Given the sorry state of "family life" and "togetherness" we're in now, and how we progressively got from the 80s onwards, it's amazing how prescient and correct those warnings were...
And it all came to pass, just like the man feared
Your grandmother was right!
I was a teenager back in the 80's and while the VCR was a technological marvel, it very quickly turned my friends and I into a bunch of movie watching coach potatoes. At one point I realized that you can be in the same room with other people and still be miles away from them, that spending every weekend doing nothing but watching movie rentals was kinda lame, so eventually I put my foot down and said - guy's we're going out - I had no idea where but any place was better than on the couch watching videos.

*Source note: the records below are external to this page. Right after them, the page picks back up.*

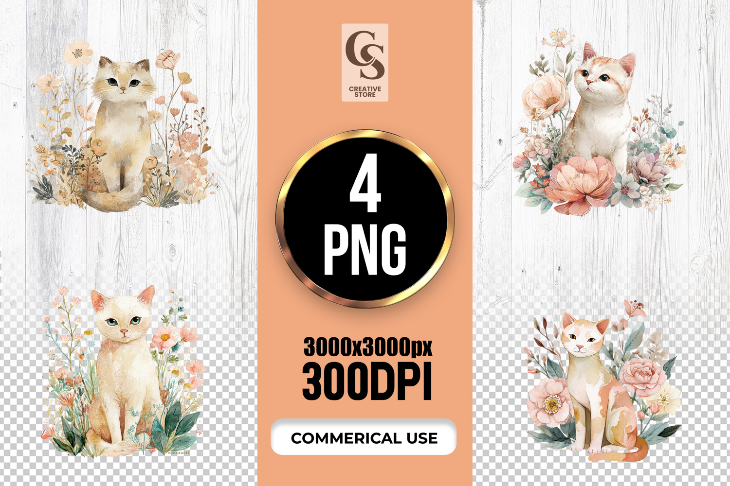 4 Watercolor Floral Cat Clipart PNG Files Perfect for Greeting Cards, Invitations, Junk Journal, Party Decor, Scrapbooking and many other craft projects.
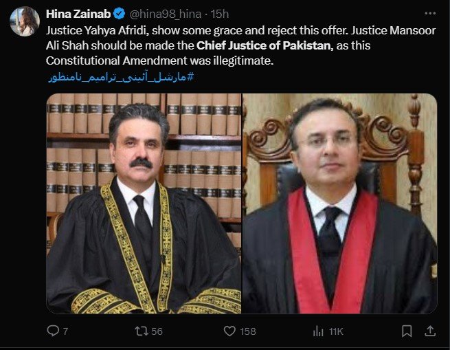 Some social media users went on to suggest that Justice Afridi should not accept the position owing to the changes in process of appointment of the country’s top judge under the 26th Amendment.
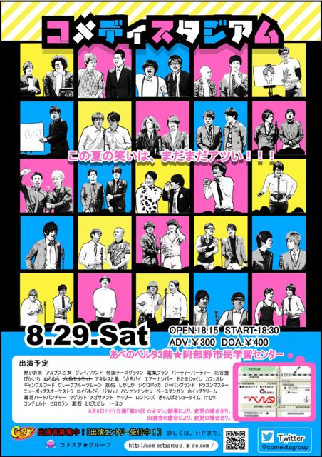 ¡¡¡ÖÂè175²ó ¥³¥á¥Ç¥£¥¹¥¿¥¸¥¢¥à(¥³¥á¥¹¥¿)¡× ¡¡¡¡http://comedystadium.jimdo.com/ ¡¡£²£°£±£µÇ¯¡¡£¸·î£²£¹ÆüÅÚÍËÆü ¡¡¡¡³«¾ì18¡§15¡¿³«±é18¡§30 ¡¡¡¡¤¢¤Ù¤Î¥Ù¥ë¥¿£³³¬¡ú°¤ÇÜÌî»Ô̱³Ø½¬¥»¥ó¥¿¡¼ ¡¡¡¡¡Ê¡Ö£Ñ¡Ç£ó¥â¡¼¥ë¡×²£¤Î·úʪ¤È¤Ê¤Ã¤Æ¤ª¤ê¤Þ¤¹¡£¡Ë ¡¡Á°Çä¤ê¥Á¥±¥Ã¥ÈͽÌó¤Ï¥³¥Á¥é¤«¤é ¡¡¡¡http://comedystadium.jimdo.com/ ¡¡£Í£Ã¡¿Ç®¤¤¤ªÃã ¡¡¥³¡¼¥Ê¡¼£Í£Ã¡¿¤Ô¤«¤¤¤Á ¡¡Á°Àâ¡¿¤Ì¤é¤Ì¤é ¡¡½Ð±é ¡¡¡¡Ç®¤¤¤ªÃã ¡¡¡¡¤ª¤Ã¤Ñ¤¤¥Þ¡¼¥±¥Ã¥È»³²¼¿®»Ê ¡¡¡¡Äë¹ñ¥Á¡¼¥º¥°¥é¥¿¥ó ¡¡
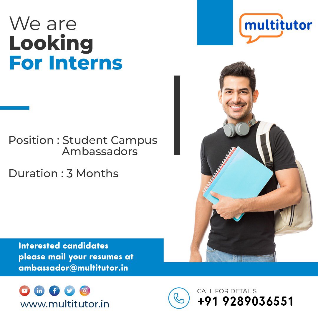 Multitutor is looking for smart, creative and driven students to work with us as a campus Ambassadors. Besides enabling those interested to learn from working in a professional setup and expand on their work resume. Do not miss this opportunity!!!
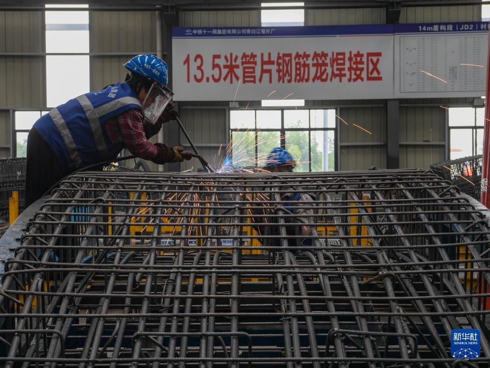 9月30日,在成渝中线高铁青白江管片厂,中铁十一局的工人在焊接管片钢筋笼。
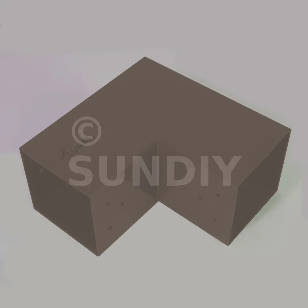 Il est utilisé dans un angle extérieur. Ce connecteur va permettre de raccorder une grosse poutre 120x120mm perpendiculairement à une autre poutre ou à un poteau vertical 120x120mm.

We ended up descending on a near-by pool hall and started hanging out and shooting pool. Coincidentally, we ran into some other people from high school doing the same and suddenly my group of friends doubled in size. Every weekend we were out with this huge group of people, it made senior year the best year ever.
Always listen to grandma!
I loved movies, still do, but the times from my youth not spent in front of some screen was so much more valuable memory-wise.